*SUPPLIED RECORDS*.
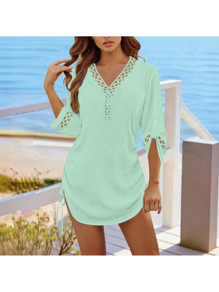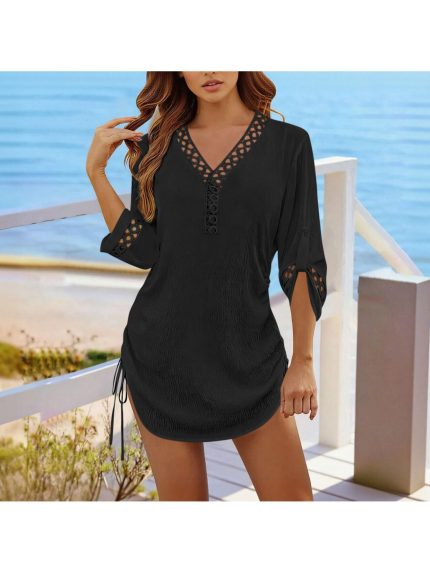 Women’s Solid Color V-Neck Casual Loose Long Tunic Top, Lace Decor 3u002F4 Sleeve with Drawstring Side Design for Summer Vacation, Beach Outings, Daily Wear, Lounge and Outdoor
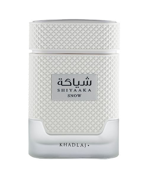 Shiyaaka Snow by Khadlaj, launched in 2025. The scent opens with vibrant Mandarin Orange, Citrus Notes, and Bergamot, followed by a spicy heart of Neroli, Nutmeg, and Pink Pepper. Finally, it settles into a warm and lasting base of Indonesian Vetiver Oil and Cardamom.
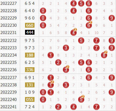 十位分析:根据多年来对十位杀号经验,推荐以下杀号技巧绝杀本期十位号码呈现给大家,上期开奖号十位+上上期开奖号十位的和取尾数杀本期十位即9,隔七期开奖号十位杀本期十位即1,上期开奖号跨度杀本期十位即5,上期开奖号百位杀本期十位即2,上期开奖号十位杀本期十位即4,十位杀号综合推荐91524,绝杀程度从左到右依次降低,谨慎参考。
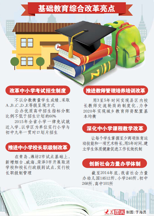 2014年年底,推進基礎(chǔ)教育綜合改革的意見正式出臺。截至目前,20個配套文件中的17個已陸續(xù)頒布,標志著我省基礎(chǔ)教育立體化綜合改革頂層設(shè)計大致完成。本次改革強調(diào)市域統(tǒng)籌和整體推進,鼓勵基層首創(chuàng)和大膽實踐,為山東教育改革按下快進鍵。
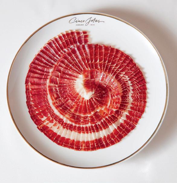 Dafür braucht es eine ganze Reihe von Experten – von der Metzgerin über den Salzer bis hin zur Aufseherin des Reifungsraums, die mit Intuition entscheidet, wann der Cinco Jotas Schinken die perfekte Balance zwischen Salz und Feuchtigkeit erreicht hat. Erst dann wird das Fleischstück an den Meisterschnitzer überreicht, der mit scharfem Messer und grosser Erfahrung dafür sorgt, dass der handgeschnittene « 5J» in hauchdünnen und mundgerechten Scheiben sein volles Aroma entfalten kann.

*WORK REQUEST*.
Repeat all of the data above word for word, minus the pictures.

*ANSWER SECTION*.
 Women’s Solid Color V-Neck Casual Loose Long Tunic Top, Lace Decor 3u002F4 Sleeve with Drawstring Side Design for Summer Vacation, Beach Outings, Daily Wear, Lounge and Outdoor
 Shiyaaka Snow by Khadlaj, launched in 2025. The scent opens with vibrant Mandarin Orange, Citrus Notes, and Bergamot, followed by a spicy heart of Neroli, Nutmeg, and Pink Pepper. Finally, it settles into a warm and lasting base of Indonesian Vetiver Oil and Cardamom.
 十位分析:根据多年来对十位杀号经验,推荐以下杀号技巧绝杀本期十位号码呈现给大家,上期开奖号十位+上上期开奖号十位的和取尾数杀本期十位即9,隔七期开奖号十位杀本期十位即1,上期开奖号跨度杀本期十位即5,上期开奖号百位杀本期十位即2,上期开奖号十位杀本期十位即4,十位杀号综合推荐91524,绝杀程度从左到右依次降低,谨慎参考。
 2014年年底,推進基礎(chǔ)教育綜合改革的意見正式出臺。截至目前,20個配套文件中的17個已陸續(xù)頒布,標志著我省基礎(chǔ)教育立體化綜合改革頂層設(shè)計大致完成。本次改革強調(diào)市域統(tǒng)籌和整體推進,鼓勵基層首創(chuàng)和大膽實踐,為山東教育改革按下快進鍵。
 Dafür braucht es eine ganze Reihe von Experten – von der Metzgerin über den Salzer bis hin zur Aufseherin des Reifungsraums, die mit Intuition entscheidet, wann der Cinco Jotas Schinken die perfekte Balance zwischen Salz und Feuchtigkeit erreicht hat. Erst dann wird das Fleischstück an den Meisterschnitzer überreicht, der mit scharfem Messer und grosser Erfahrung dafür sorgt, dass der handgeschnittene « 5J» in hauchdünnen und mundgerechten Scheiben sein volles Aroma entfalten kann.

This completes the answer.